Exercise brief: Taking only the lines of the data below from the line with "i stylowy wygląd." to the line with "for Bracelet N...", ends included, write them out exactly and without pictures.

Data listing:
════════════════════
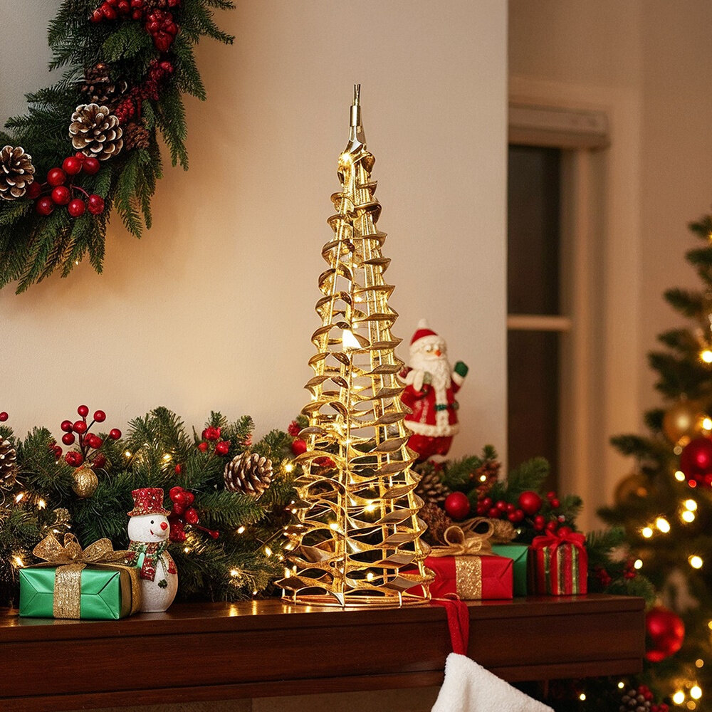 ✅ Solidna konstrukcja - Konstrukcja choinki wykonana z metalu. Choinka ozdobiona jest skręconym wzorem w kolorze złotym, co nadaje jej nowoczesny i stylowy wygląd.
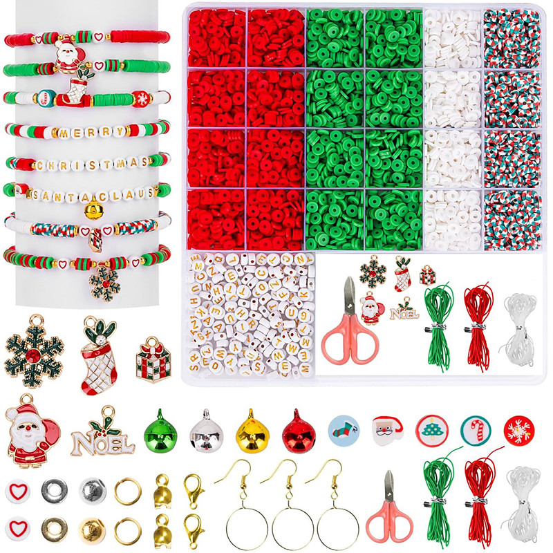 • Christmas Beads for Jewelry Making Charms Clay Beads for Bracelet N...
════════════════════
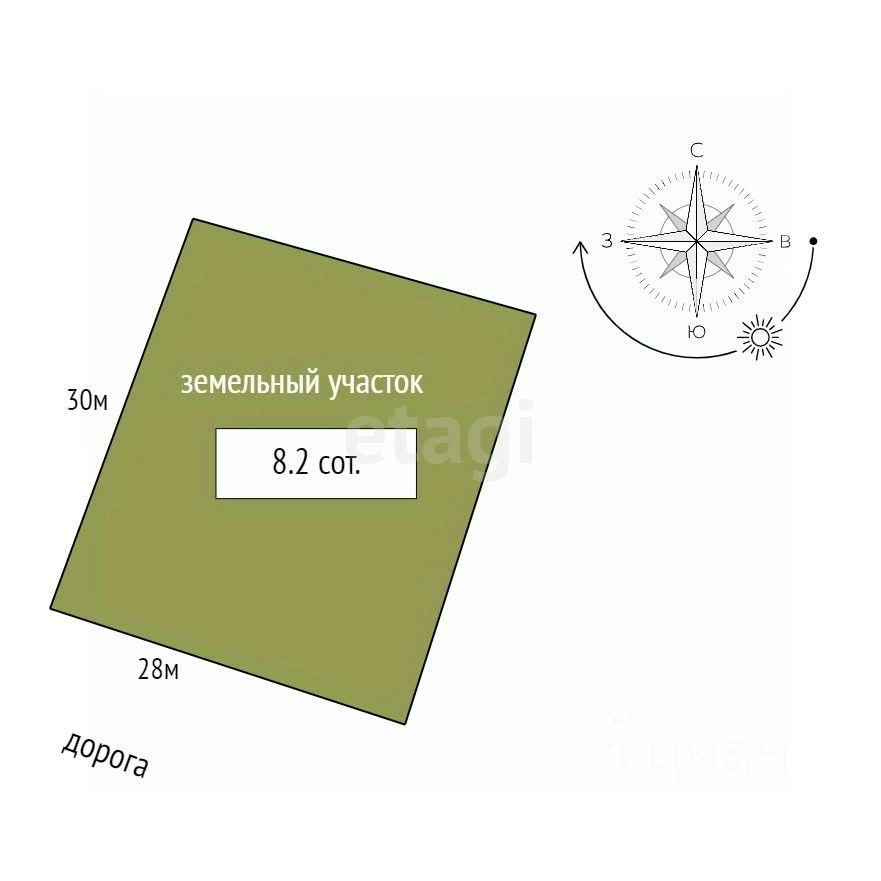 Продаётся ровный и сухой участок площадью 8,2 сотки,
════════════════════
Answer area:
 ✅ Solidna konstrukcja - Konstrukcja choinki wykonana z metalu. Choinka ozdobiona jest skręconym wzorem w kolorze złotym, co nadaje jej nowoczesny i stylowy wygląd.
 • Christmas Beads for Jewelry Making Charms Clay Beads for Bracelet N...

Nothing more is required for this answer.